PARIS – Clopidogrel nonresponsiveness is a modifiable cardiovascular risk factor in patients undergoing percutaneous coronary intervention, according to the results of the third Responsiveness to Clopidogrel and Stent-Related Events (RECLOSE-3) study.
High residual platelet activity following a loading dose of clopidogrel in patients undergoing PCI was shown in the earlier RECLOSE-2 study to be a potent predictor of an increased 2-year cardiovascular event rate (JAMA 2011;306:1215-23). This left open the question of whether switching to a different antiplatelet drug would reduce that elevated 2-year risk.
The new RECLOSE-3 study shows that this clopidogrel nonresponsiveness is indeed a modifiable risk factor. All that’s necessary is to identify affected patients via a commercially available in vitro assay, switch them to prasugrel, and their long-term cardiac outcomes become markedly better than if they stayed on clopidogrel, Dr. David Antoniucci reported at the annual congress of the European Association of Percutaneous Cardiovascular Interventions.
The prospective RECLOSE-3 study included 302 consecutive patients undergoing PCI who were determined to be clopidogrel nonresponders based upon residual platelet activity of 70% or more as measured by light transmittance aggregometry. All were switched to prasugrel and underwent repeat platelet activity measurement. The control group consisted of 248 clopidogrel nonresponders who stayed on the antiplatelet agent in RECLOSE-2.
It was necessary to rely on historical controls for ethical reasons; based upon the RECLOSE-2 results, it’s no longer appropriate to randomize clopidogrel nonresponders to continued use of clopidogrel, according to Dr. Antoniucci, head of the division of cardiology at Careggi Hospital in Florence, Italy.
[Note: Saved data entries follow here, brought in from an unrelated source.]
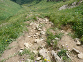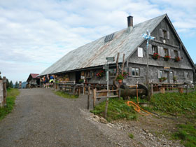 Nach zwei Kilometern passieren wir die ehemalige Alpe Almagmach,
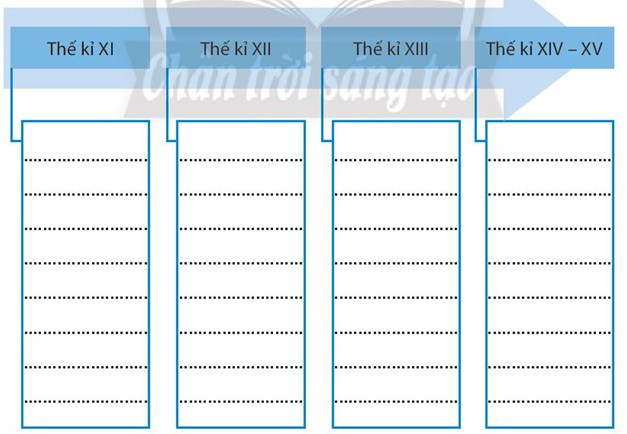 Bài tập 4 trang 8 SBT Lịch sử 7: Dựa vào nội dung trong SGK, hãy hoàn thành sơ đồ dưới đây:
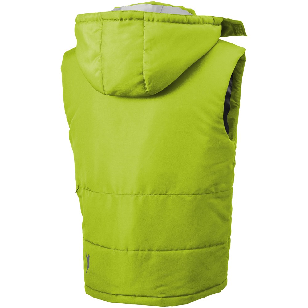 Abnehmbare Kapuze. Windschutz innen mit Kinnschutz. Elastischer Kordelzug mit verstellbaren Stoppern. Verdeckter Reißverschluss auf der Rückseite zwecks Werbeanbringung. Seitentaschen. Halbmond. Aufhängeschlaufe. Transfer Hauptlabel für den etikettfreien Komfort.
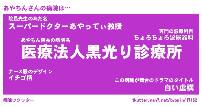 | ファンタジー風あだ名 | 『アヤフェル』『エターナルアヤチンー』 |
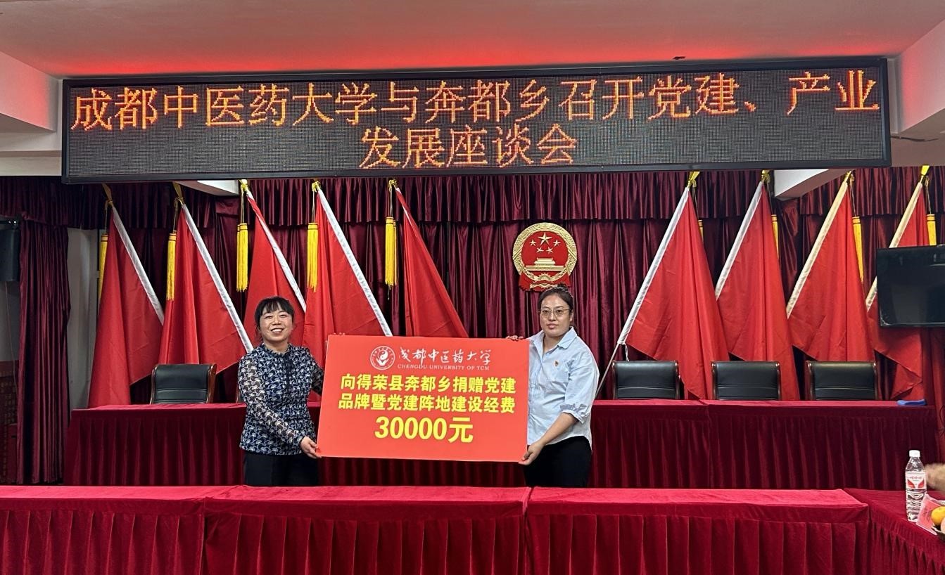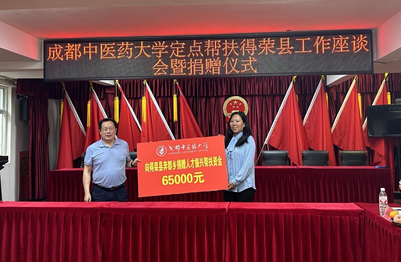 座谈会上举行了定点帮扶捐赠仪式,学校向得荣县奔都乡捐赠人才振兴帮扶资金65000元、党建品牌暨党建阵地建设经费30000元。
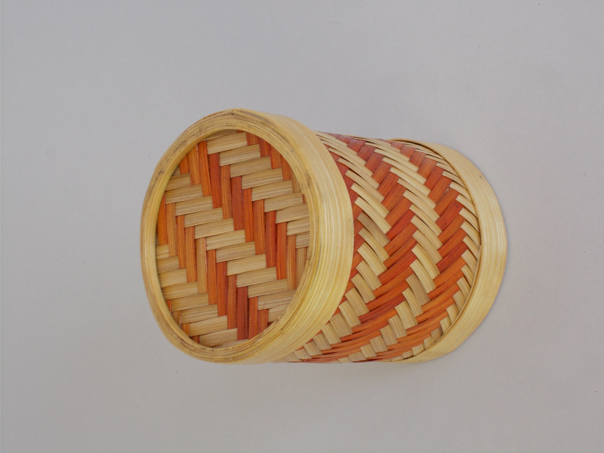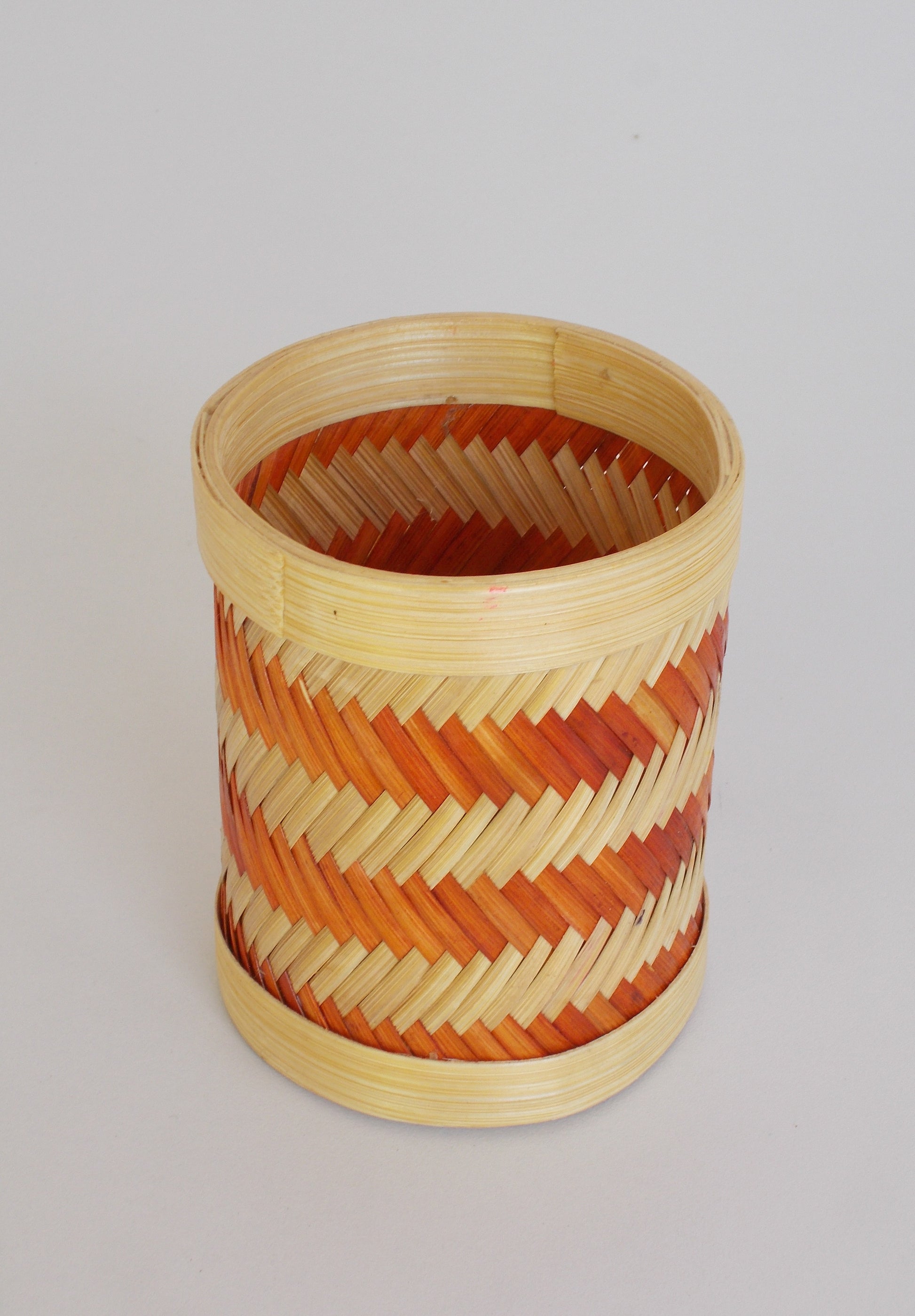 This cylindrical bamboo pen stand features a lively chevron weave in warm orange and natural hues. Handcrafted for charm and durability, it adds an earthy elegance to your workspace.
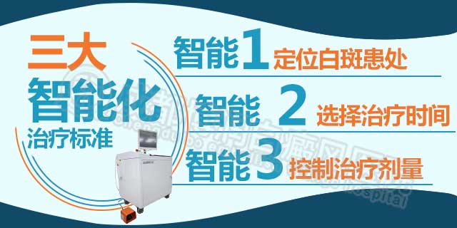 1、智能识别白斑患处:自动图像比色识别系统,通过患部影像比色识别技术,精准地捕捉白斑部位,能量集中、稳定,不伤害周围皮肤。
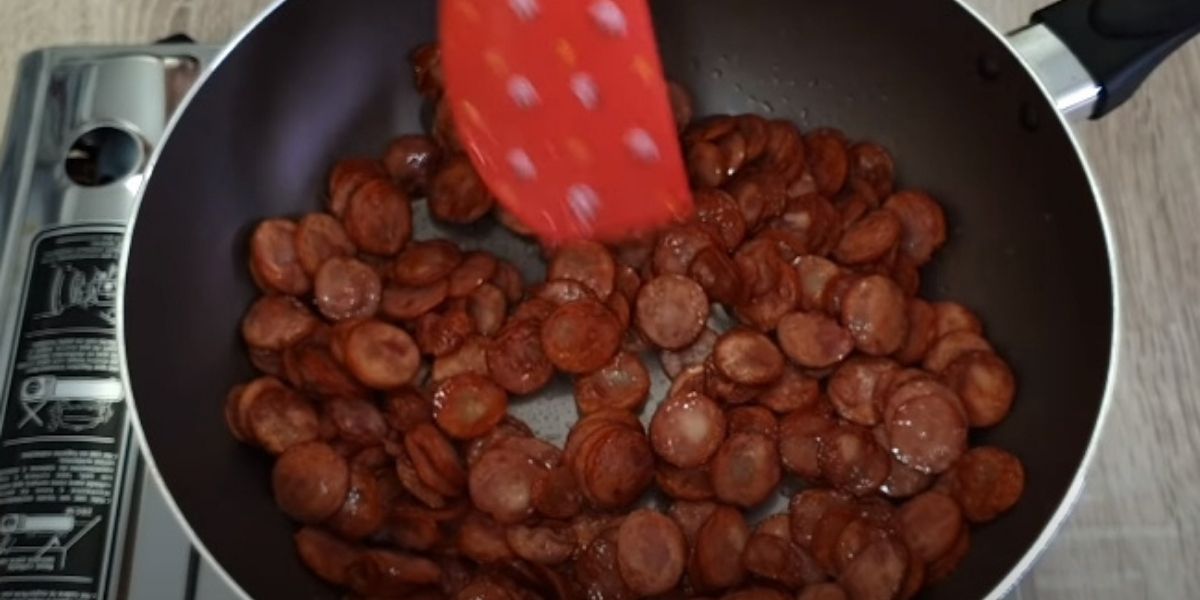Uzenou klobásu nakrájejte na kolečka. Na kamnech rozpalte pánev a klobásu nasucho nebo s malou kapkou oleje orestujte dozlatova. Pak odstavte z kamen a na chvíli odložte stranou.
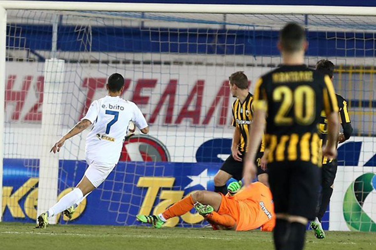 Στο 53΄ και σε μακρινή μπαλιά ο Λε Ταλέκ κινήθηκε στην πλάτη της άμυνας, πέρασε τον Ανέστη αλλά έφυγε πλάγια αριστερά και μη μπορώντας να εκτελέσει ο ίδιος «έκοψε» στον επερχόμενο Μπρίτο, ο οποίος πλάσαρε ανοίγοντας το σκορ!

Mean residual platelet reactivity improved from 78% in RECLOSE-3 participants on clopidogrel to 47% on prasugrel. All but 6% of clopidogrel nonresponders demonstrated acceptable suppression of platelet activity on prasugrel.
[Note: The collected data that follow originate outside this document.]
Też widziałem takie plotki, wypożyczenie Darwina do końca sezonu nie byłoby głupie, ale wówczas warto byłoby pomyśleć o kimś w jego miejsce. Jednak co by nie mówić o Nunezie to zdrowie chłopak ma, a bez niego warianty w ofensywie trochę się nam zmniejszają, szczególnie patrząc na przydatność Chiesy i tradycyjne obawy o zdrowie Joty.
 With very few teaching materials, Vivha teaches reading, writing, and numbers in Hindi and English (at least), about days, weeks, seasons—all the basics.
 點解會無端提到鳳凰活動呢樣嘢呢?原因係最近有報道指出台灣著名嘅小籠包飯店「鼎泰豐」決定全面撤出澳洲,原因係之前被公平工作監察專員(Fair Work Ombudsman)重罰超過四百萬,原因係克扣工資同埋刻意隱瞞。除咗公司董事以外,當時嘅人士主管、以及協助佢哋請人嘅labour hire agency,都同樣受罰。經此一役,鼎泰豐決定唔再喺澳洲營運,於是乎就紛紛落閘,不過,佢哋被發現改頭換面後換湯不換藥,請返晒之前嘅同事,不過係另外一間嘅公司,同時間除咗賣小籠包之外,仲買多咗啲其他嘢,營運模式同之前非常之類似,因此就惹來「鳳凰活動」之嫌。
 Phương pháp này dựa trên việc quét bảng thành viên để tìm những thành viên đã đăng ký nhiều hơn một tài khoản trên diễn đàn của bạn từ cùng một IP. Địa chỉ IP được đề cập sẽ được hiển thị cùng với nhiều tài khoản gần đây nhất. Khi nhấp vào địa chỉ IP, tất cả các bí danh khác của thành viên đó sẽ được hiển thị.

The primary study endpoint was 2-year cardiac mortality. With a follow-up rate of 99%, the rate was 4% in clopidogrel nonresponders switched to prasugrel, significantly better than the 9.7% in controls. Moreover, the rate of definite stent thrombosis – a key secondary endpoint – was 0.7% in the group switched to prasugrel, fourfold lower than in controls. Probable stent thrombosis was diagnosed in 1.6% of controls and none of the prasugrel group.
All patients in the control group from RECLOSE-2 had been admitted with an acute coronary syndrome. Restricting the analysis to the 126 RECLOSE-3 participants switched to prasugrel who had an acute coronary syndrome upon hospitalization, the 2-year cardiac death rate was 3.2%, still significantly lower than the 9.7% in controls.
In a multivariate analysis that controlled for potential confounders – including the more frequent use of drug-eluting stents and lower prevalence of a left ventricular ejection fraction of 40% or less in the RECLOSE-3 patients – switching clopidogrel nonresponders to prasugrel was associated with a highly significant 50% reduction in the risk of cardiac death at 2 years’ follow-up. The only other significant predictors were a baseline serum creatinine greater than 1.5 mg/dL and advanced age, both of which were associated with increased risk.
The RECLOSE-3 study was sponsored by the Italian Department of Health. Dr. Antoniucci reported having no financial conflicts.